Dr. Isis tempts us with her Herb Coated Filet and Basil-Feta Pasta Salad. A easy weeknight treat, especially if you make the pasta salad the night before, and/or marinate the filet in the herb paste overnight.

Efficiency guru EcoGeoFemme takes us on a magical one-dish journey with her Asparagus Quiche, a.k.a Egg Pie. A true weeknight special, this dish has your veggies, your protein, and your butter food groups all in one convenient dish! Using a store bought crust, or by doing it as a frittata instead of a quiche, this recipe only takes about 15 minutes of active work. Throw in a salad and you've got yourself a well-rounded meal!
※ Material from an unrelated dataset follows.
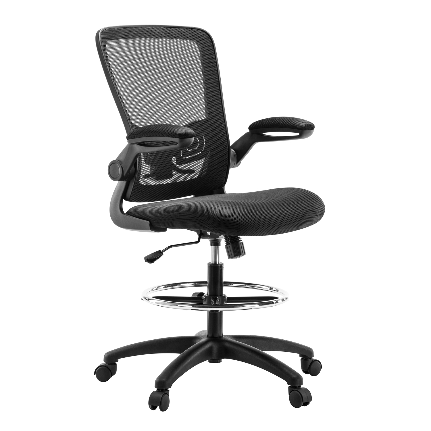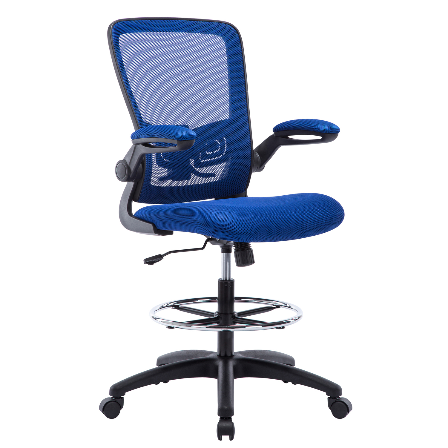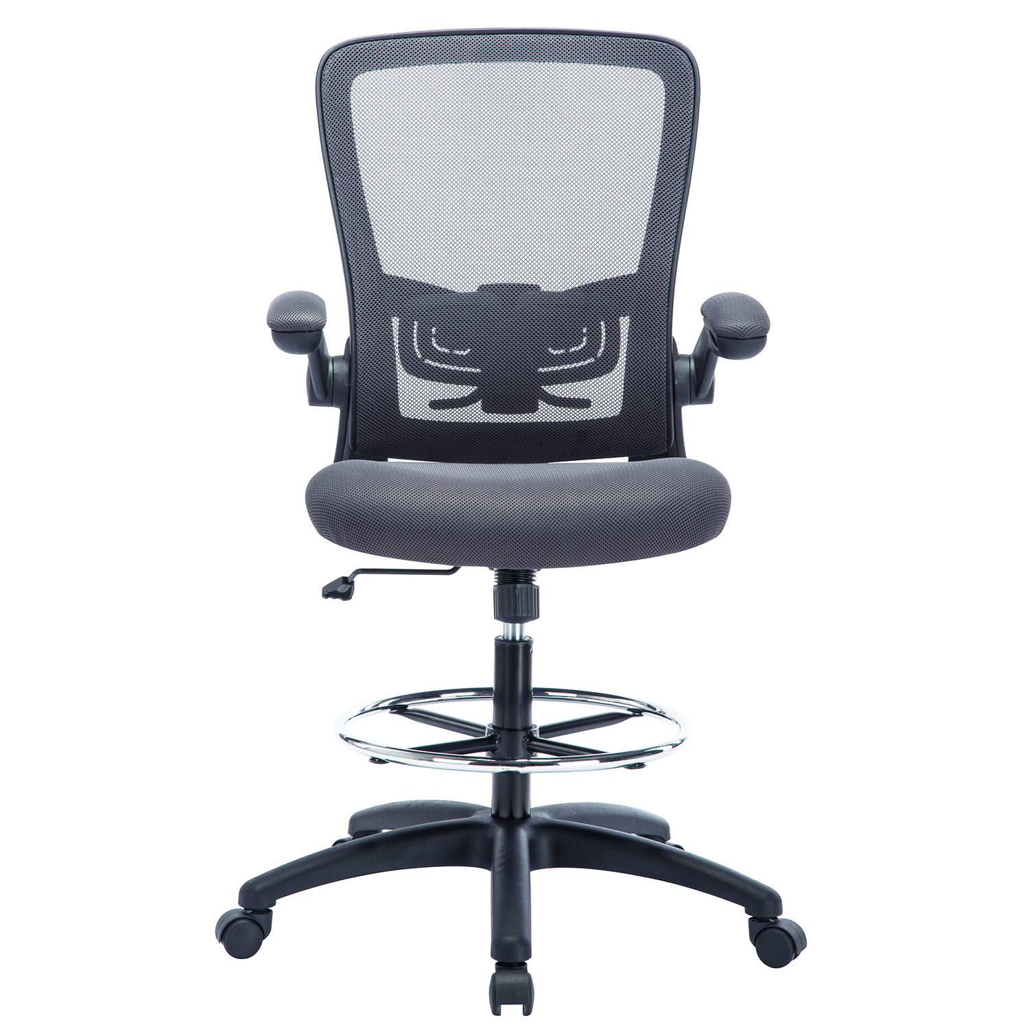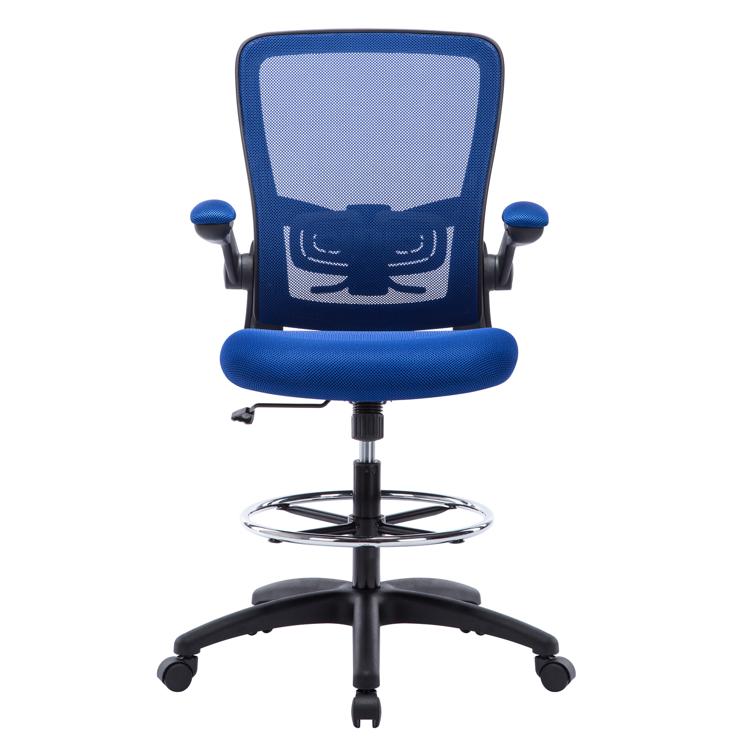 Add this Homestock high back office chair to your workspace. Great for those who sit for extended periods of time, built-in lumbar support follows the natural curve of your spine and relieves pressure on your lower back, reducing back pain. An adjustable height and flip-up armrests let you customize the placement for better shoulder and neck support, and an adjustable foot ring helps reduce pressure on your legs and improve circulation. A breathable mesh back brings more comfort. For easy moving, it comes with twin smooth-rolling wheels. Backed by a 90-day manufacturer’s warranty.

EthidiumBromide has a classic weeknight cleaning-out-the-fridge suggestion, Shepherd's Pie. Chock-full of veggies, but with minimum chopping requirements, this is another well-rounded dish that comes together with minimal counter time. (Also, her picture looks straight out of a magazine!)

ScienceGirl posted two great weeknight meal suggestions, including an awesome looking schnitzel. I'm drooling just thinking about it, and I know it's something Bean would LOVE. Throw in some steamed veggies and you're good to go!

Scientia Matris also serves up two loaded-with-veggies toddler-friendly recipes, Fried Rice and a yummy looking Chicken and Sweet Corn Soup. Both easily fulfill the nutritious, delicious, and quick and easy requirements.

Your favorite snarky postdoc, Candid Engineer, shares her weeknight standby Shut Up and Eat Pasta. She clearly knows the way to my little Bean's heart, who loves both eggs and pasta. Put 'em together? That's a happy Bean. This recipe scores points for being easily adaptable to whatever veggies you have in the fridge... throw in some asparagus, some cherry tomatoes, heck even some peas, and you've got yourself a nice well-rounded dish.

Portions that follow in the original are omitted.